> [Dataset extract]:
§

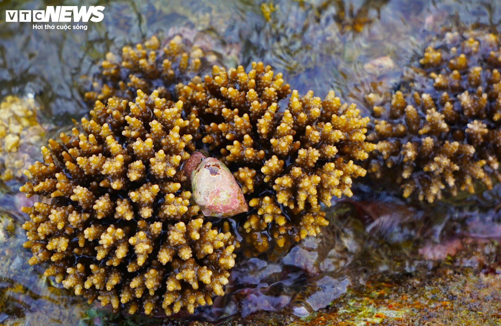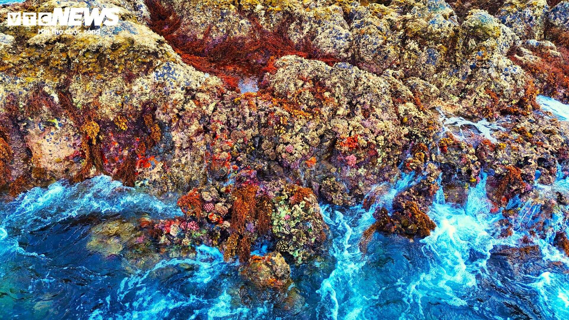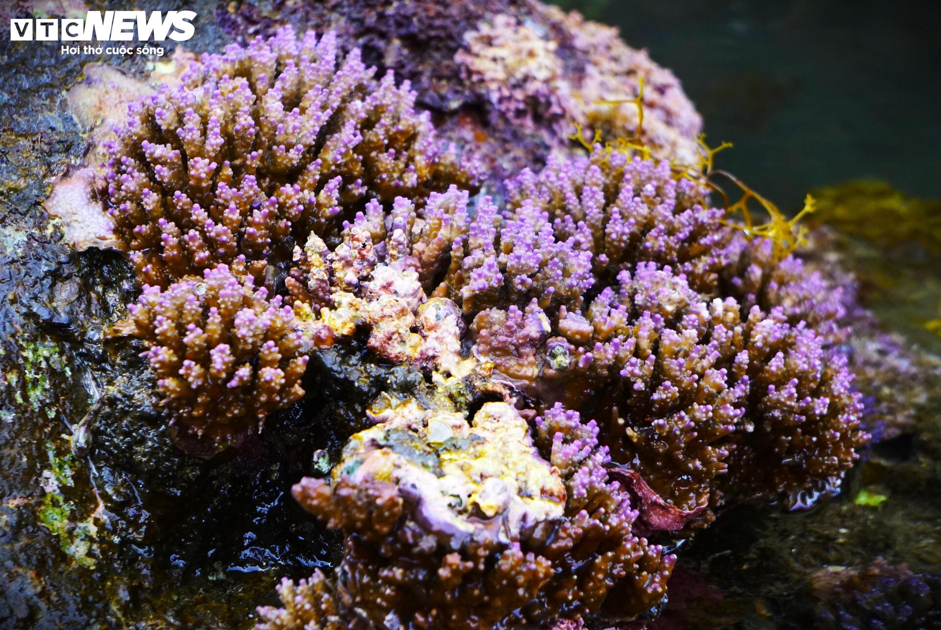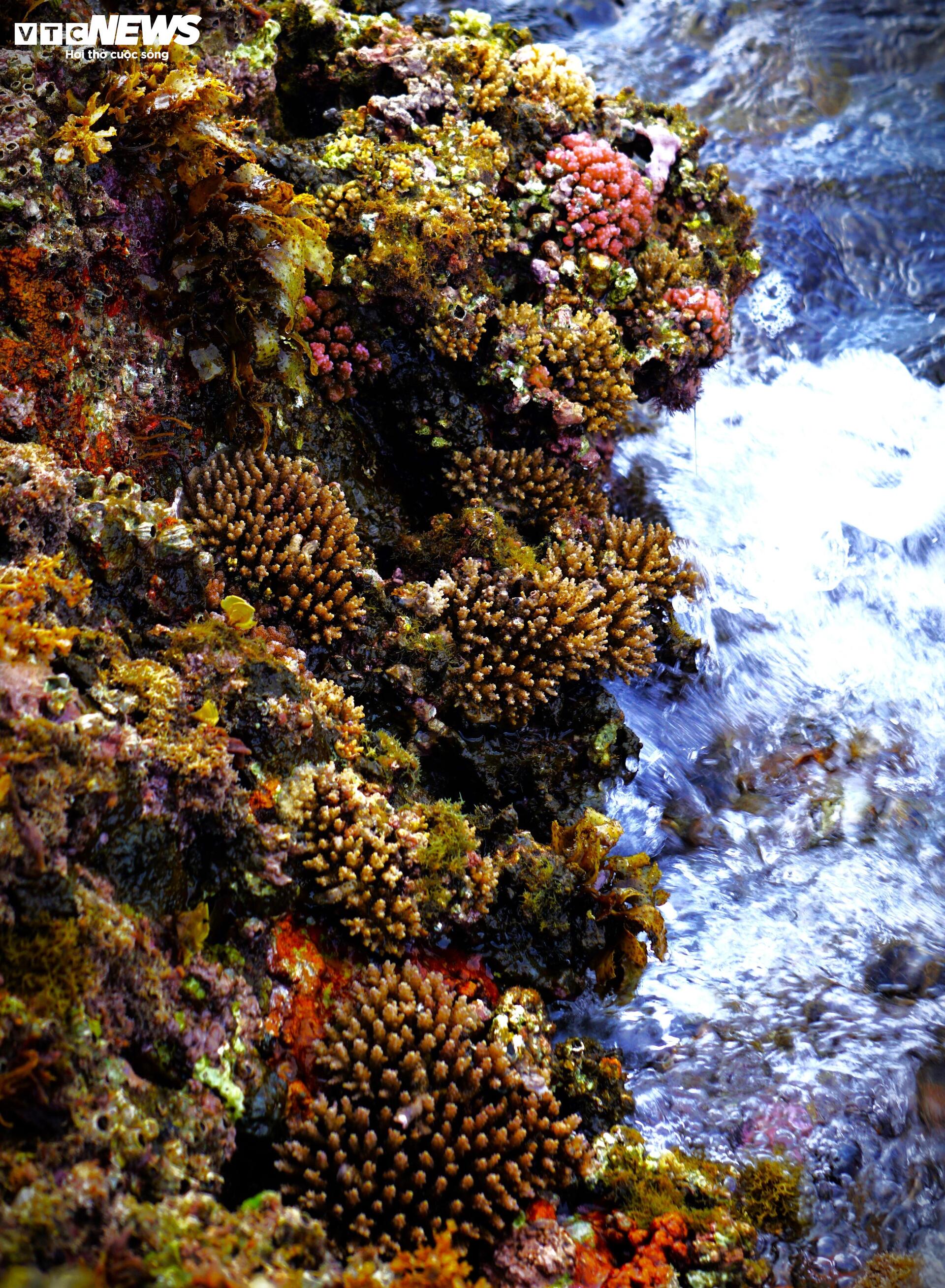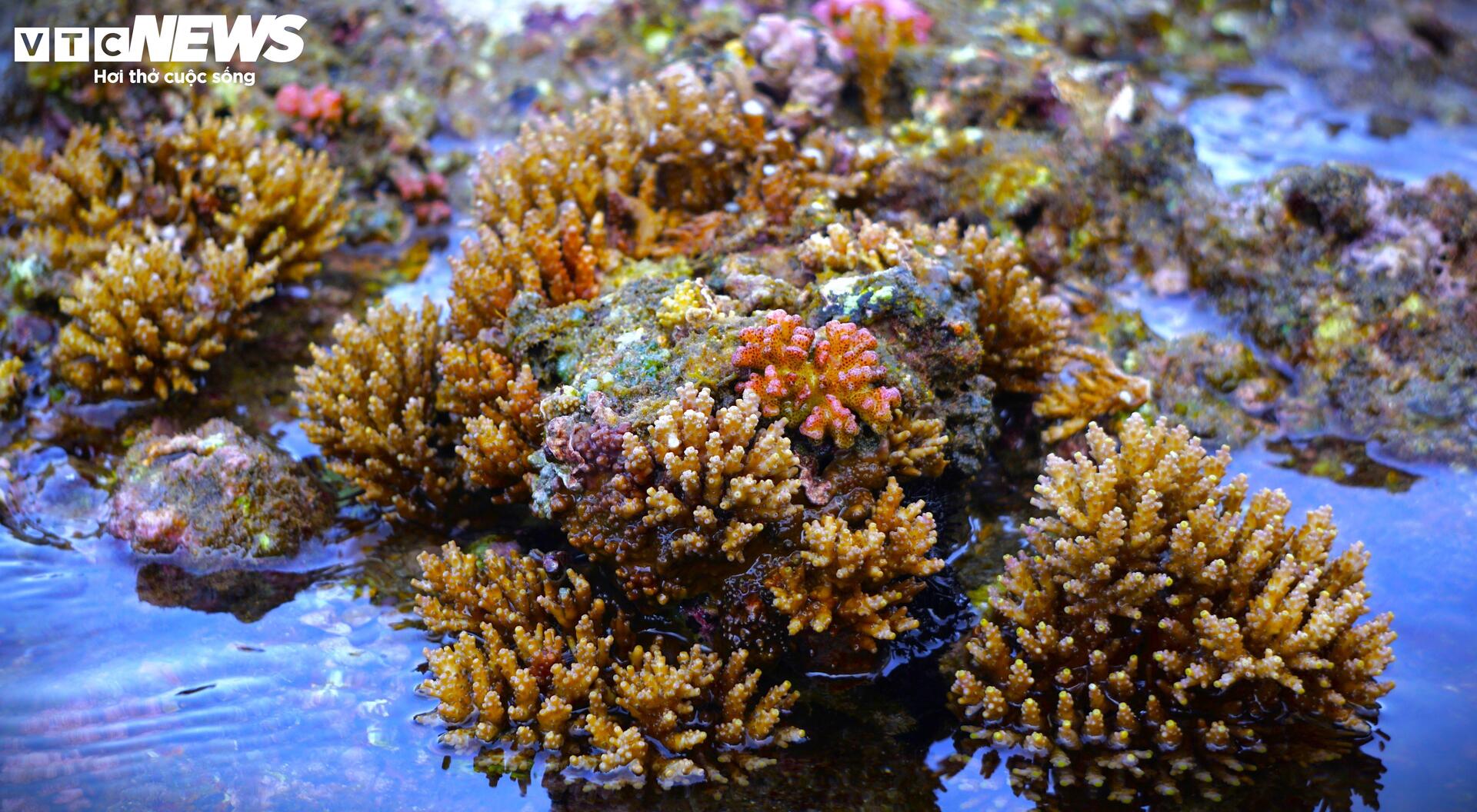 | Sau những tháng cuối năm biển động, sóng lớn, những ngày đầu năm mới, rạn san hô đua nhau đâm chồi, nhú mình mãnh liệt trên những gành đá. |
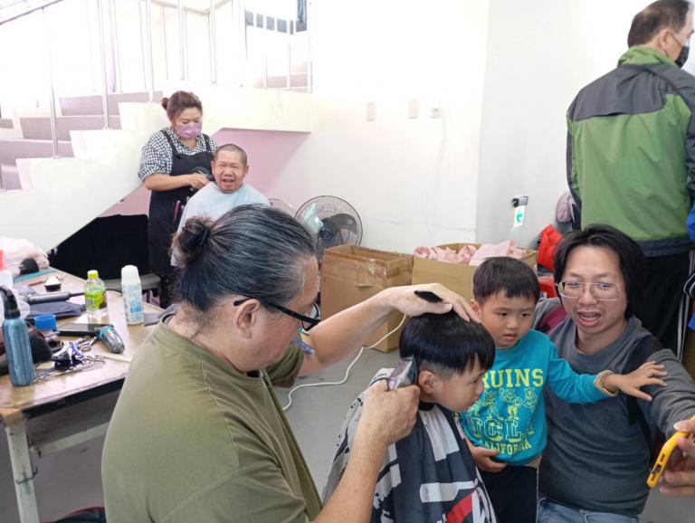 ▲理髮師現場義剪。(圖╱記者孔亮云攝)
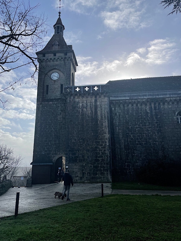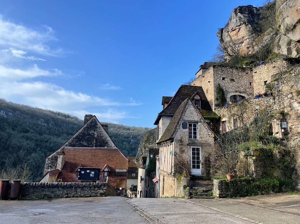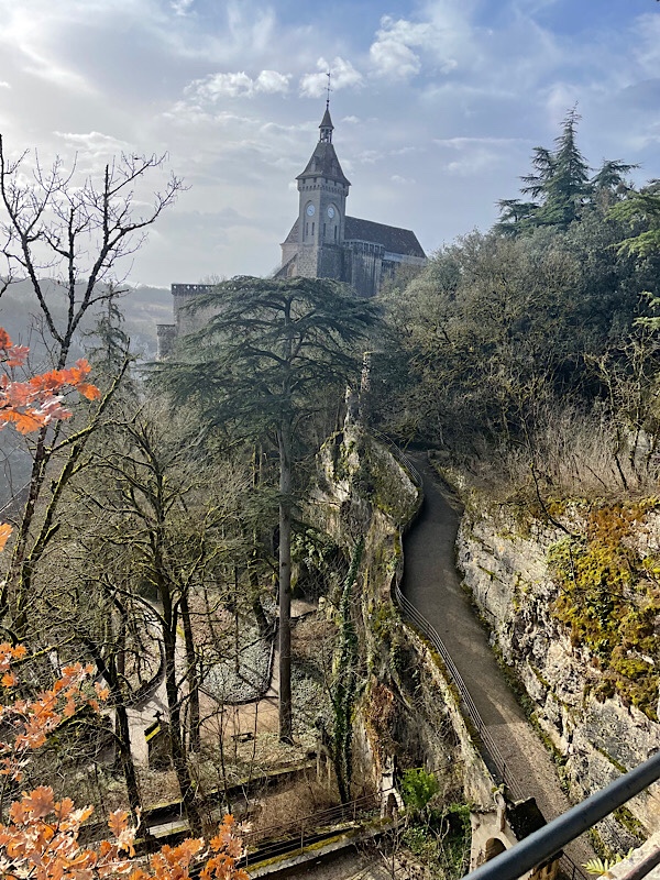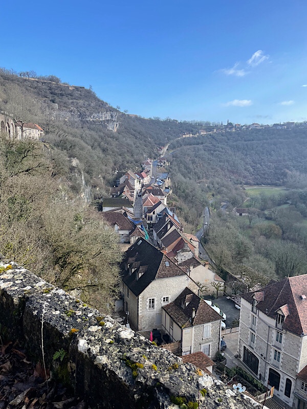 We started our day before breakfast in Rocamadour with a 3 mile loop tour of the medieval village on the cliff. We started at the castle ramparts, though these were sadly closed, we were able to descend the winding path down the cliff side. We had the place to ourselves, except for one other couple and some builders completing out of season repairs. We passed a shrine in one of the cliff side caves and then the sanctuary below. It really is quite a climb down, first via the path and then several flights of stairs, the elevator options not available for out of season visitors. Although we and the dogs were more than happy to get some morning exercise anyway.
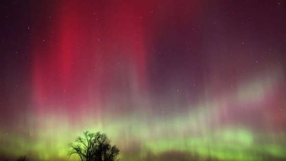 Небо окрасилось в оттенки красного и зеленого цветов. Это красочное явление стало последствием мощной магнитной бури, которая произошла из-за повышенной солнечной активности.
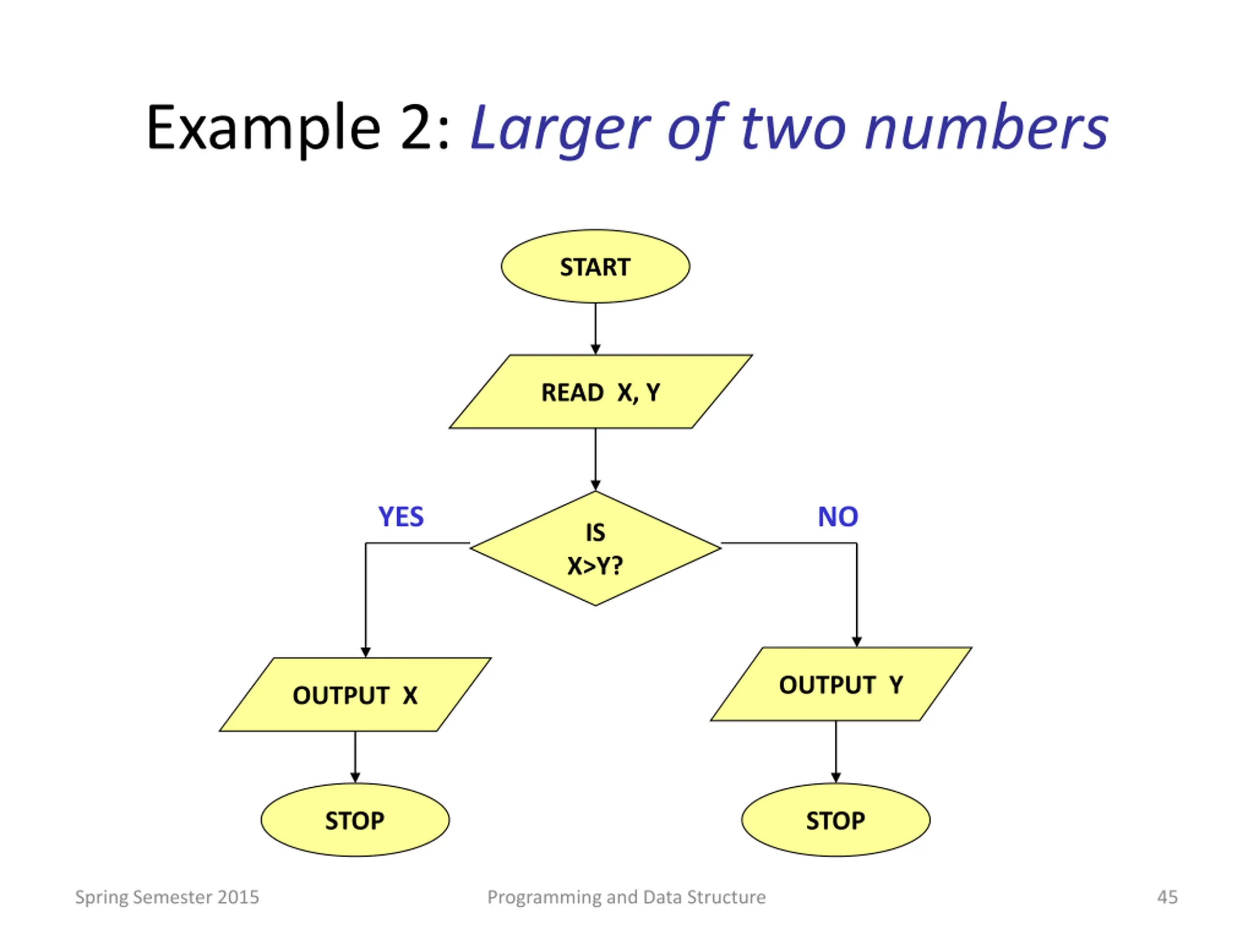 Example 2: Larger of two numbers START READ X, Y YES NO IS X>Y? OUTPUT Y OUTPUT X STOP STOP Spring Semester 2015 Programming and Data Structure 45
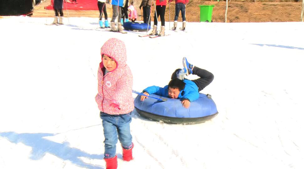 試了試,還是雪圈和小車來的實惠,好歹屁屁不疼:
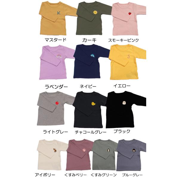 ワンポイントロゴ刺繍入り 伸縮性抜群スパンフライス無地長袖Tシャツ(80cm 90cm 95cm 100cm)2998
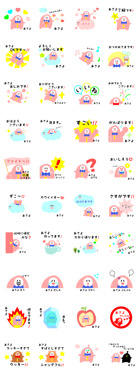 | スタンプ説明 | あさよさん専用の、イヌでもネコでもシロクマでもない地球外生物。ゆるくてかわいい宇宙人の名前スタンプです。 |
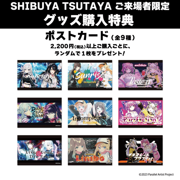 SHIBUYA TSUTAYA店頭限定で、対象商品を1会計2,200円(税込)以上ご購入ごとに、オリジナル特典「ポストカード(ランダム9種)」からランダムで1枚をプレゼントします。
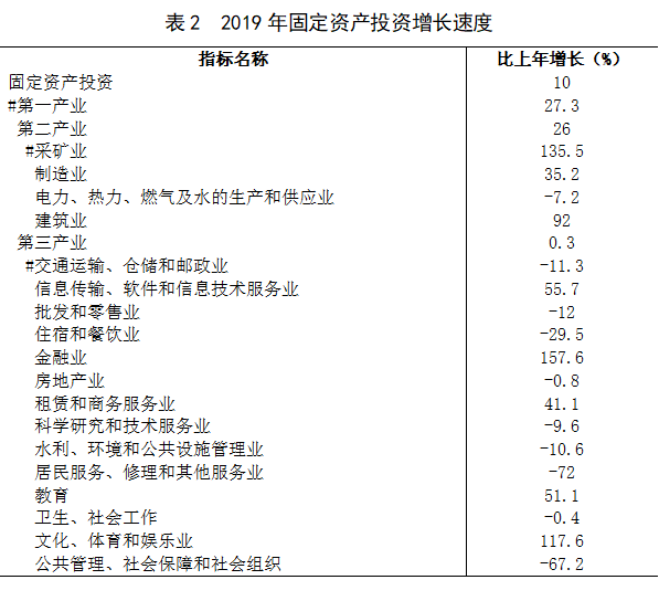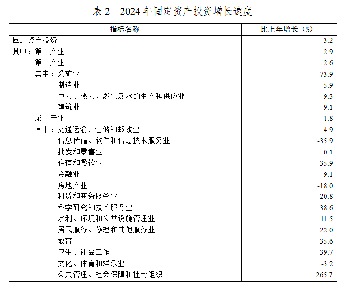 全年固定资产投资[5]比上年增长3.2 %。分经济类型看,国有投资下降28.4 %;非国有投资增长10.9 %。分投资方向看,工业投资增长2.6 %,民生投资增长11.0 %,生态投资增长1.8 %,基础设施投资增长8.3 %,高技术产业投资下降6.6 %,工业技改投资增长22.5 %。
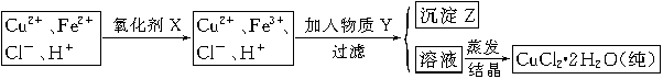 (2)氯化铜晶体(CuCl2·2H2O)中含FeCl2杂质,为制得纯净氯化铜晶体,首先将其制成水溶液,然后按下面所示的操作步骤进行提纯。
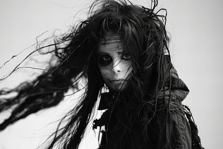 Digital artwork of black and white image of a woman with long hair and a scary mask
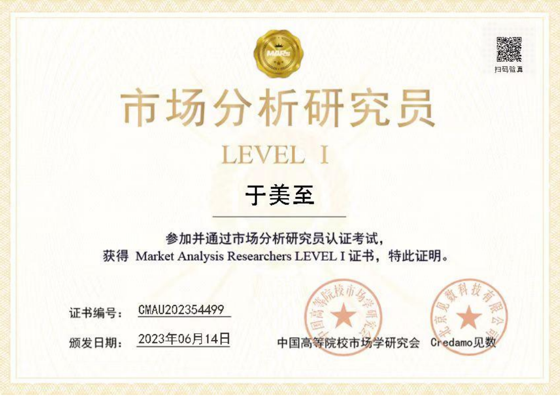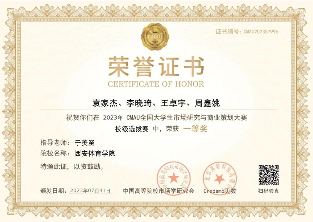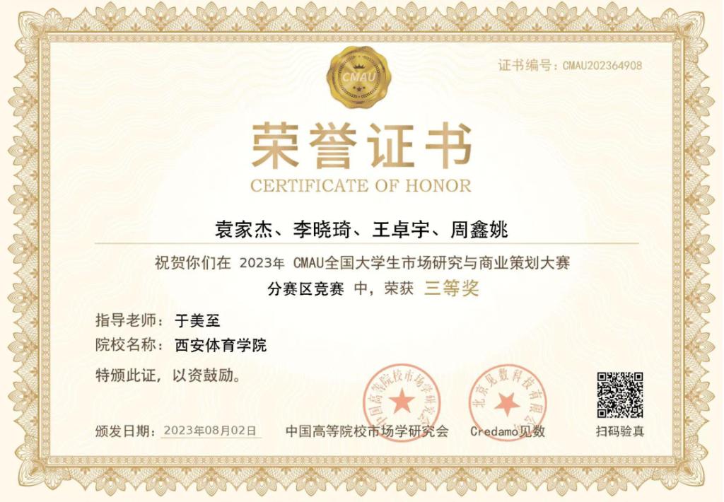 2023年6月至8月,由体育经济与管理学院市场营销教研室组织学生参加“第二届CMAU全国大学生市场研究与商业策划大赛”。该赛事由中国高等院校市场学研究会主办,是目前国内市场学领域的最高级别学科竞赛。根据组委会要求,我校共有三支代表队(于美至老师指导两组,郭轶群老师指导一组),11名同学参赛。经过校赛选拔,推选出一支代表队参加全国分区赛,在全国分区赛中获得三等奖,获奖队伍由经管院和足院的学生联合组队。另外,在此次比赛的培训期,约有二十余名学生通过了中国高等院校市场学研究会组织的市场研究分析员(Level1)的资格认证。
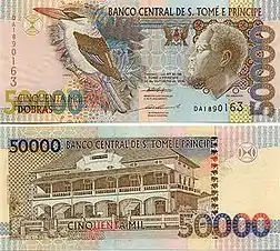 On 30 September 1977, notes were introduced for 50, 100, 500 and 1000 dobras by the Banco Nacional de São Tomé e Príncipe.[4] In 1996, 5000, 10,000, 20,000 and 50,000 dobras notes were introduced, with the lowest denomination notes from the previous series being replaced by coins in 1997. A new issue was released in 2006 with upgraded security features.
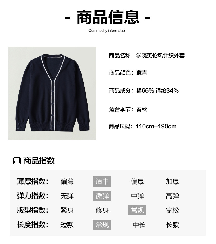 남아용 가디건 스웨터, 네이비 블루, 영국식 학생복, 학급 교복, 중대형 아동용 코트, 봄, 가을 캐주얼 및 다용도스토어 가기

§

> [Exercise instructions]:
Reproduce the data above exactly, but only from the line containing "(2)氯化铜晶体(CuCl2" through the line containing "Digital artwork of"; skip the pictures.

> [Response area]:
 (2)氯化铜晶体(CuCl2·2H2O)中含FeCl2杂质,为制得纯净氯化铜晶体,首先将其制成水溶液,然后按下面所示的操作步骤进行提纯。
 Digital artwork of black and white image of a woman with long hair and a scary mask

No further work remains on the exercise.